Human error is a huge factor in health records. My last name is popular. My daughter’s record was linked by the pediatrician’s office to a man with the same name as her father – a man who never used the hospital system the pediatrician was associated with. My daughter’s record was linked to a woman with the same maiden name as my current name at her ENT doctor’s office. My cardiologist tried to send me off without a follow up appointment because I already had one scheduled; however it was yet another woman with my name who actually had an appointment. I received a third Karen Baker’s bloodwork in the mail, and ten years later, a condolences card for the death of her father in a hospital’s hospice unit. I went to a surgical follow up appointment with a substitute doctor who had that same woman’s record in the room instead of mine. The visit record containing sensitive personal health information for a woman who visited an urgent care office the same day as me was stuck to my visit information, put into my record, scanned a year later into my electronic record and copied and given to me a year after that without a single medical records staff person noticing.
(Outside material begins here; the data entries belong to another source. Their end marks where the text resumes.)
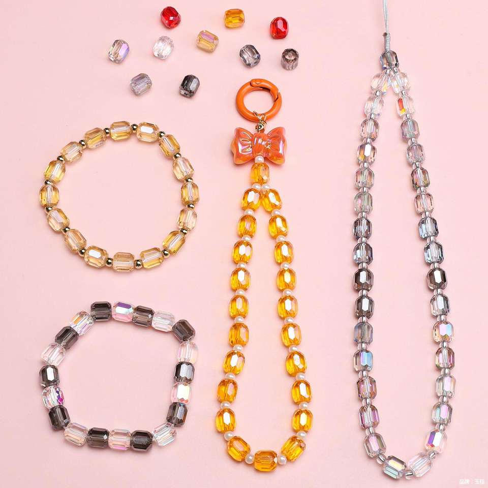 ลูกปัดแก้วคริสตัลกลมเหลี่ยมเพชรพลอยสำหรับทำเครื่องประดับแบบทำมือตกแต่งสร้อยคอลูกปัดรูปทรงกลองรูใหญ่
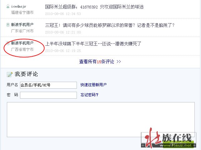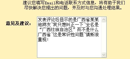 新浪网广西网友留言所有地区被显示为“广西省……“ |
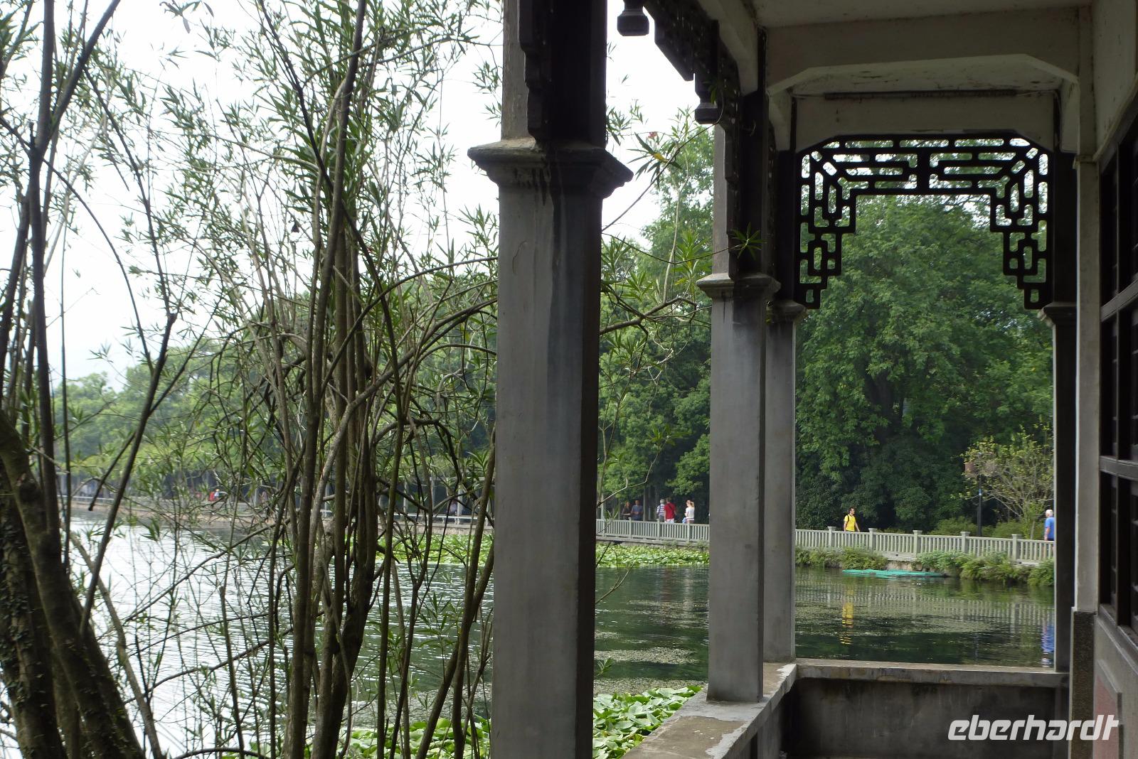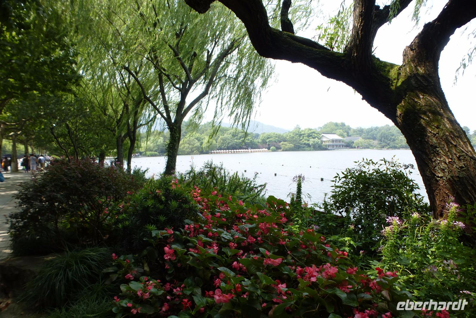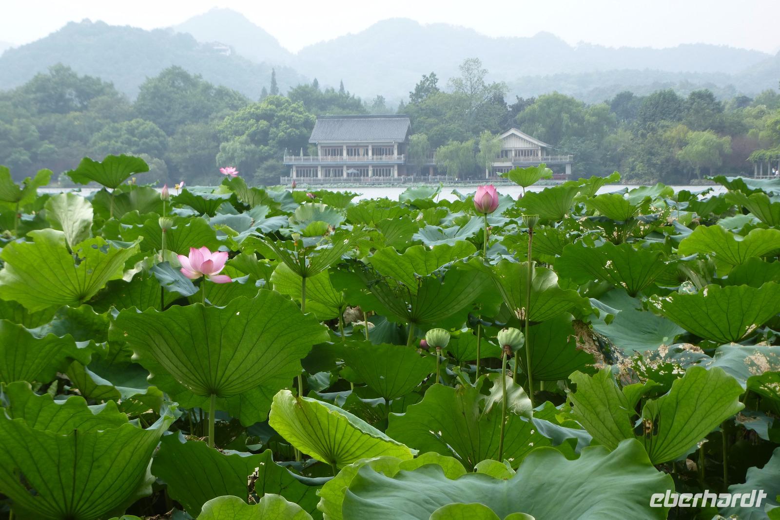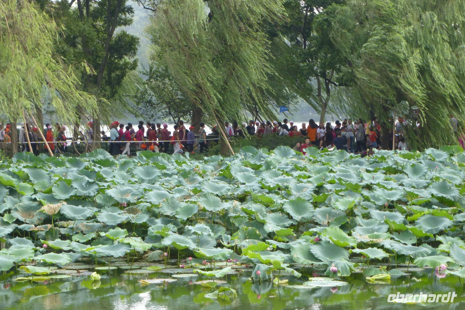 In der Siebenmillionenstadt Hangzhou tagte letzte Woche der G 20 Gipfel. Die alte Kaiserstadt hat sich für dieses große internationale Ereignis herausgeputzt. Überall neue Straßenzüge und die alten Alleen mit ihren französischen Platanen wurden mit wunderschönen Blumenarrangements aufgehübscht. Überall aber auch Überwachungskameras und versiegelte Kanaldeckel! Bei unserer Fahrt hinaus zum Westsee, einem der schönsten Orte der Welt, den schon Marco Polo als Paradies auf Erden bezeichnet hat, konnten wir uns von der prachtvollen Umgestaltung der Stadt für das internationale Großereignis überzeugen. Über viele Brücken fuhren wir auf einer breiten Einbahnstraße durch einen dichten Pflanzendschungel zum Parkplatz. Leider waren wir nicht die einzigen Besucher am See! Unzählige chinesische Touristengruppen, genau nach der Farbe ihrer Hüte sortiert, folgten ihren Guides, die mit quäkenden lautsprecherverstärkten Stimmen ihre Schäfchen zusammen hielten. Der Ort, wo früher die Dichter Ruhe suchten, ist heute ein Touristenmagnet geworden. Kreuz und quer tuckern kleine Ausflugsboote über den See. Vorbei an den drei Pagoden, die auf dem Ein-Yuan Schein abgebildet sind. Im Hintergrund des Sees sehen wir die berühmten Berge, die den See umgeben. An der Südostseite erscheint, wie eine Fata Morgana, die Skyline von Hangzhou. Über die Uferpromenade unter Trauerweiden wandelt eine nicht abreißende Menschenschlange entlang. Wir hatten den Eindruck, dass sämtliche Chinesen, für die der See wegen des G 20 Gipfels lange gesperrt war, ihn genau heute besuchen wollten.
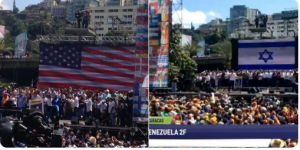 Η “αντιπολίτευση” στη Βενεζουέλα που πρόσκειται στον αυτοαποκαλούμενο πρόεδρο της χώρας Juan Guaido ύψωσε τεράστιες σημαίες των ΗΠΑ-Ισραήλ στη συγκέντρωσή της. Αυτοί είναι οι πατριώτες που θα λειτουργήσουν για τα εθνικά συμφέροντα; Είναι οι ίδιες σημαίες που σήκωσαν οι Κούρδοι της Συρίας προκειμένου ν’ απαλλοτριώσουν για λογαριασμό των ΗΠΑ το 90% του συριακού πετρελαίου που βρίσκεται στα κοιτάσματα πάνω από τον Ευφράτη.. Σε πολύ μικρότερη κλίμακα οι υποστηρικτές του Guaido είχαν αναρτήσει σημαίες των χωρών που τον αναγνωρίζουν ή που είναι φίλα προσκείμενες μεταξύ αυτών φιγουράρει και η ελληνική αφού η Ελλάδα δεν διαφοροποιήθηκε όπως η Ιταλία από τη κοινή γραμμή υποστήριξής του μέσω ΕΕ.
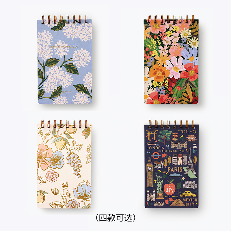 📚 美国Rifle Paper Co.活页金属线圈备忘录横间笔记本复古烫金插画
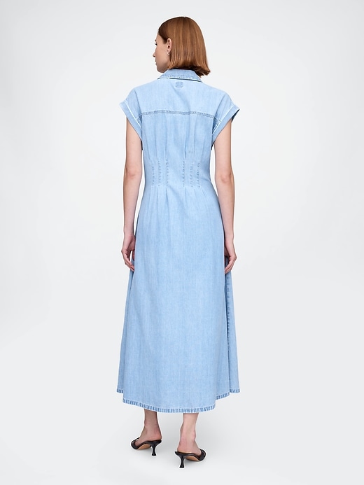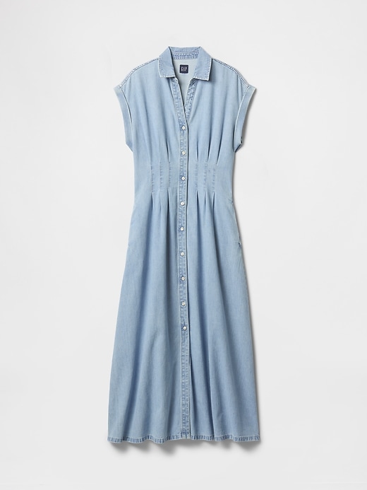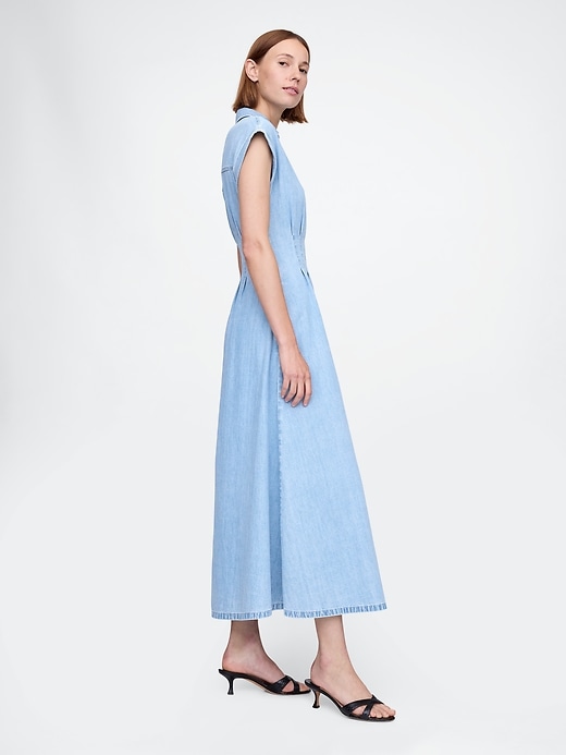 Denim Pleated Maxi Shirtdress
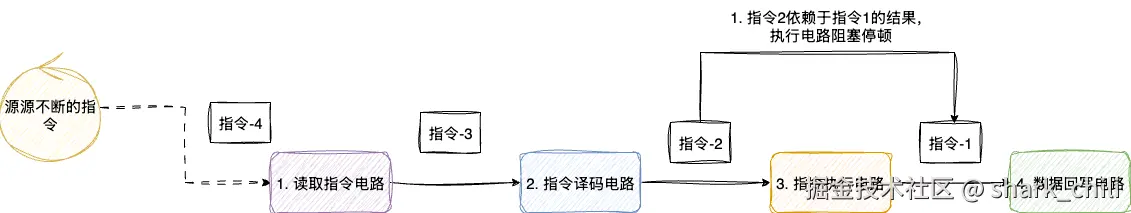从CPU微观的角度来说,这就是一种串行的、单位时间内未能充分利用电路单元的流水线设计:
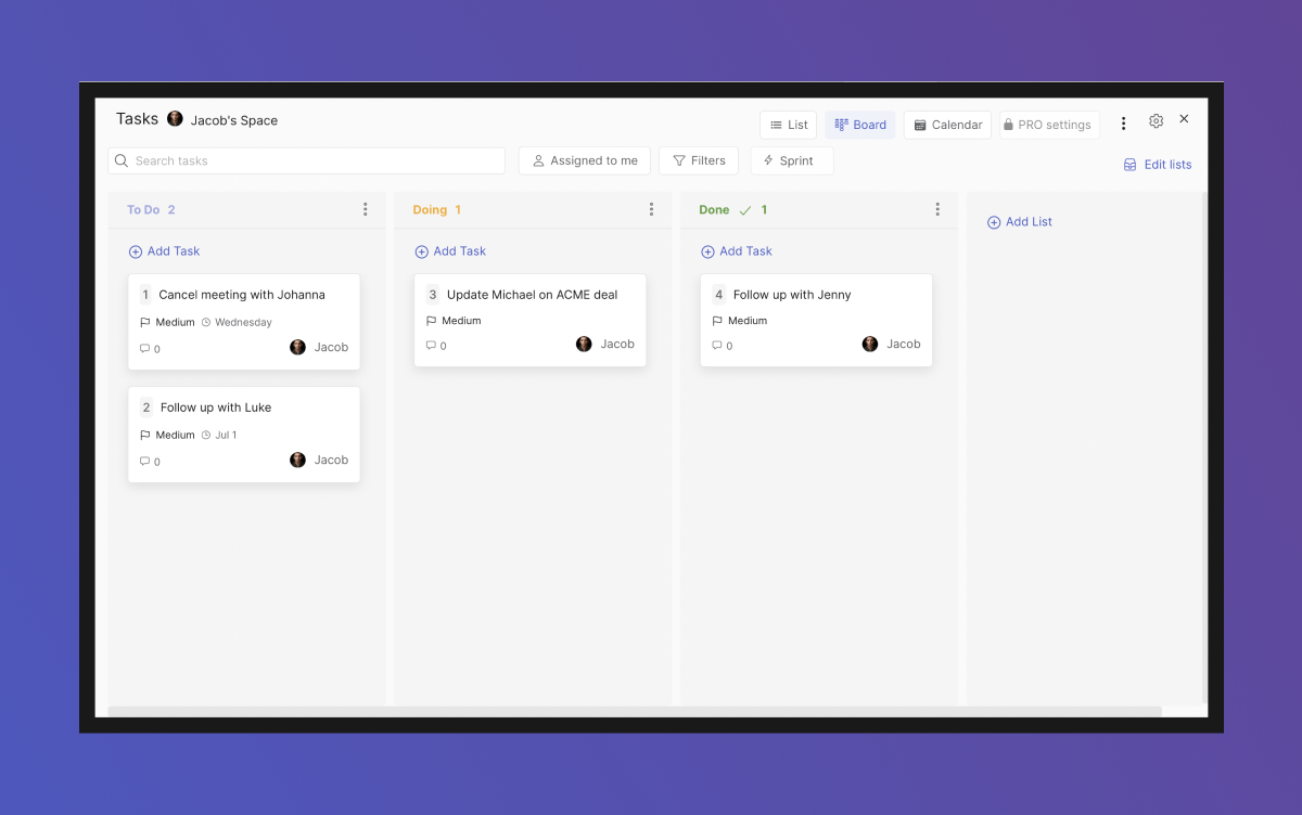 Sprints allow you to group tasks by time cycles (pick any timeline such as weekly, bi-weekly, or monthly). This way you can rest easy knowing that everything you need to do in that period is in your sprint.
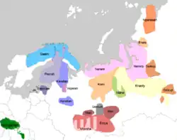 Rușii moderni consideră drept strămoși triburile slave(d), despre care unii specialiști spun că ar fi originare din zonele împădurite ale mlaștinilor Pinsk.[35] Slavii răsăriteni s-au stabilit treptat în vestul Rusiei, în două valuri: unul dinspre Kiev spre actualele Suzdal și Murom și un altul din Polotsk spre Novgorod și Rostov. Începând din secolul al VII-lea, slavii răsăriteni formează cea mai mare parte a populației vestului Rusiei[36] și au asimilat popoarele fino-ugrice(d) băștinașe, inclusiv meria(d), muromii(d), și meșcerii(d), triburile scite și sarmatice iar mai târziu și triburile varegilor de origine germanică.
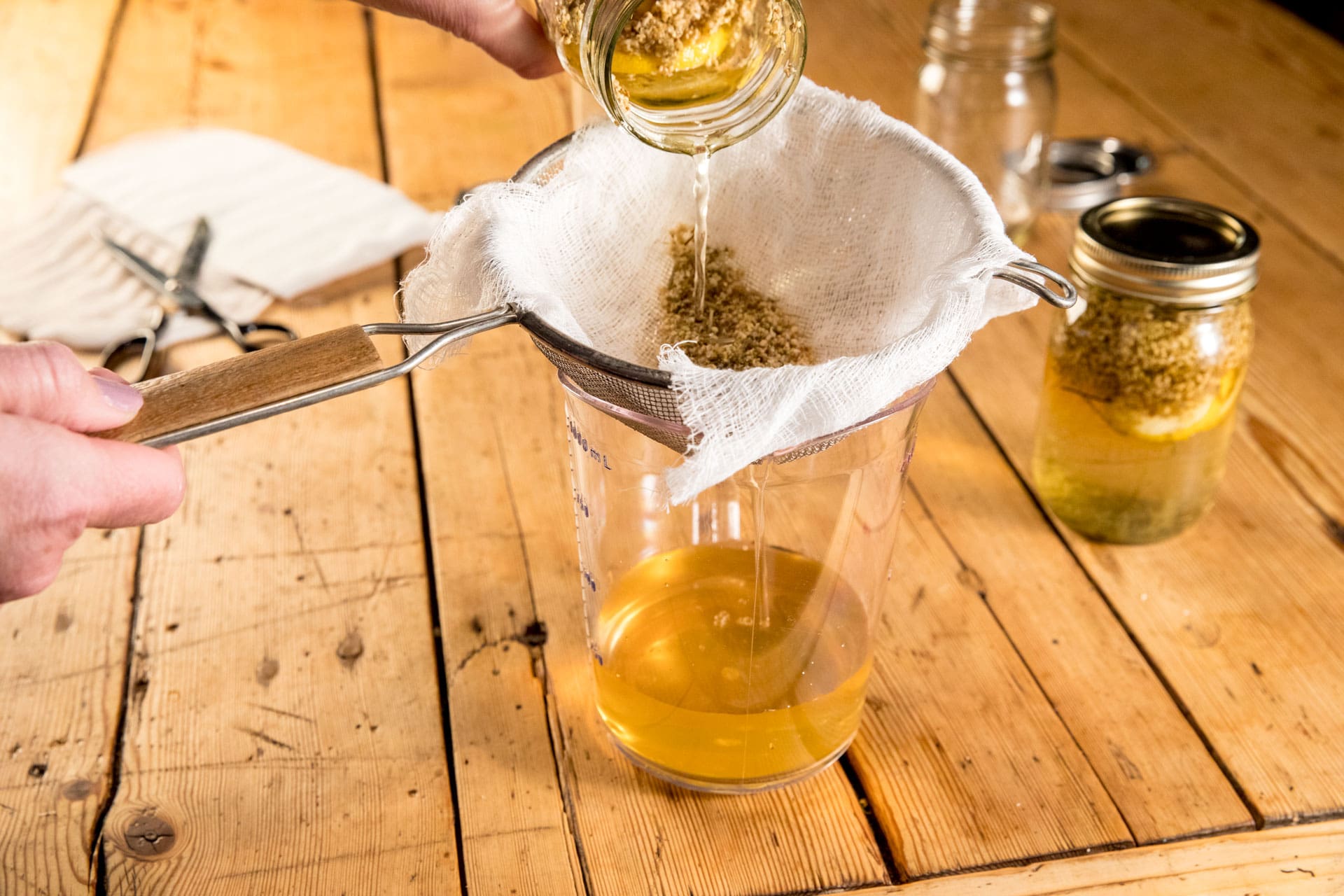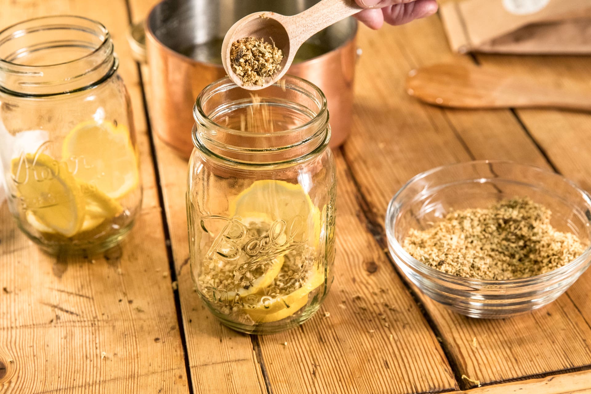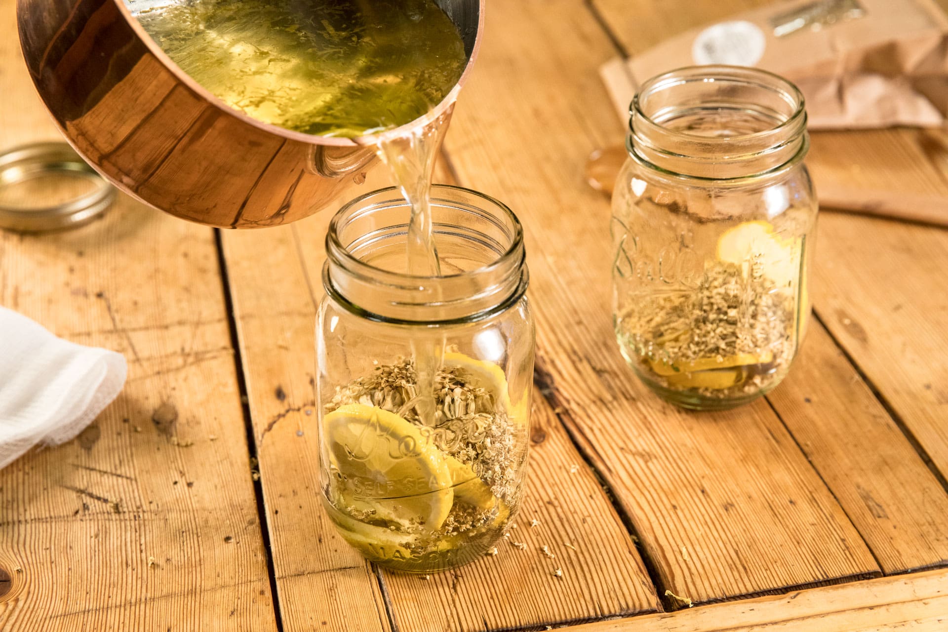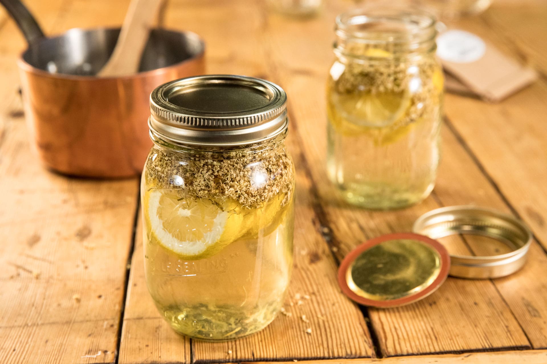 But, we’re getting ahead of ourselves. While you can certainly buy the elderflower syrup, it’s also fun to make it from scratch and have it on hand for any number of recipes. You just need some good-sized mason jars, cheesecloth, sugar, water, lemons, and dried elderflowers. Oh, and a little patience—it takes a couple of days to infuse the flavor.
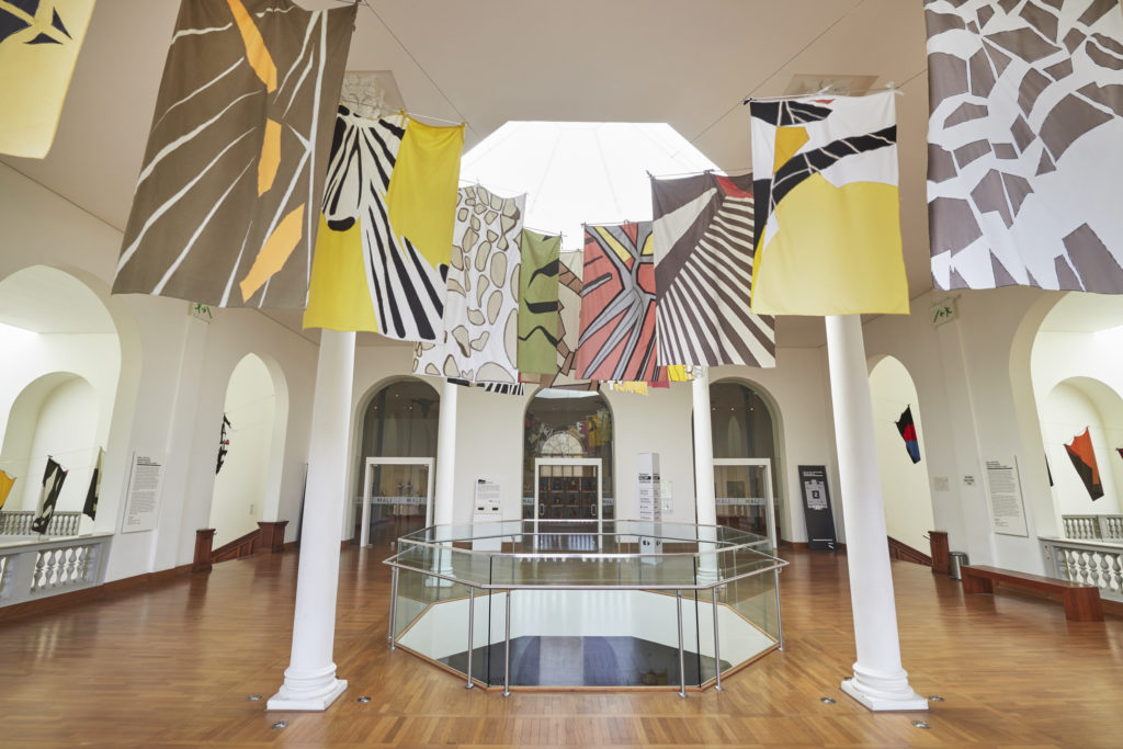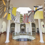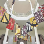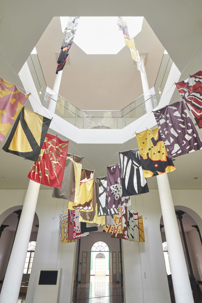 Para el primer espacio, Vargas Lugo propone una intervención con banderas cuyos patrones están inspirados en los diseños de las alas de las mariposas, serie que forma parte de su investigación Nueva Vexilología.
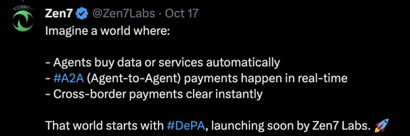在 AI Agent 经济快速崛起的当下,支付正成为限制智能体自主交易的关键瓶颈。面对传统支付费率高、加密支付操作复杂、平台生态碎片化等行业痛点。近日,Zen7Labs正式提出DePA(Decentralized Payment Agent,去中心化支付智能体)概念,并率先在 GitHub 上开源其核心产品Zen7Payment Agent。Zen7Labs 是一家专注于智能计算与 Agent 技术创新的国际化团队,核心成员来自 Google、Oracle、阿里巴巴、京东等顶尖科技公司。凭借深厚的技术积累与全球化视野,团队正携手全球开发者共建开放生态,为万亿美元级的 Agent 经济注入新活力。
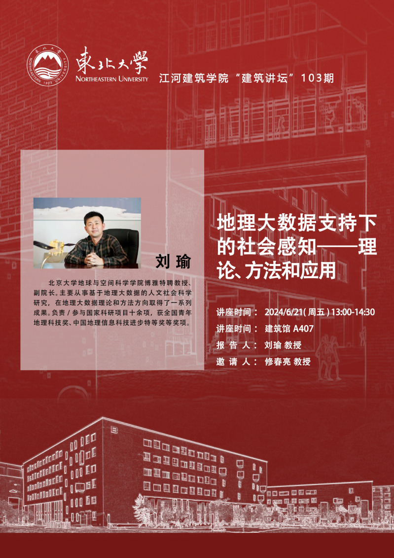 建筑讲坛(103期)预告:地理大数据支持下的社会感知——理论、方法和应用

Nobody from that office was willing to report a breach to the other patient, so I called her myself and told her. I had to tell my dentist that the xray on his light board was the wrong Karen Baker. My pharmacy record mysteriously showed me to be allergic to a medication I am not allergic to – but since there is no “documentation” as to who entered it – nobody will remove it. My shared electronic record shows I take a daily medication I cannot take as it would interact with a medication I do take and could kill me. Everywhere I go I have to try to get that medication removed from my medications list. Nobody knows how it got there.

I have been denied access to view my records when they are electronic because nobody has a policy on how to allow that. Therefore, I have to purchase them first. This is not how access to medical records is supposed to work.

There must be a way for all records to have some tag showing who entered data. There must be a better way to protect against “same name” mix-ups. There must be free access to view records – even electronic so patients can check the accuracy of their files. Someone is missing a serious allergy on their medications records because it landed in mine. Until these things are taken care of, shared e-records could lead to death.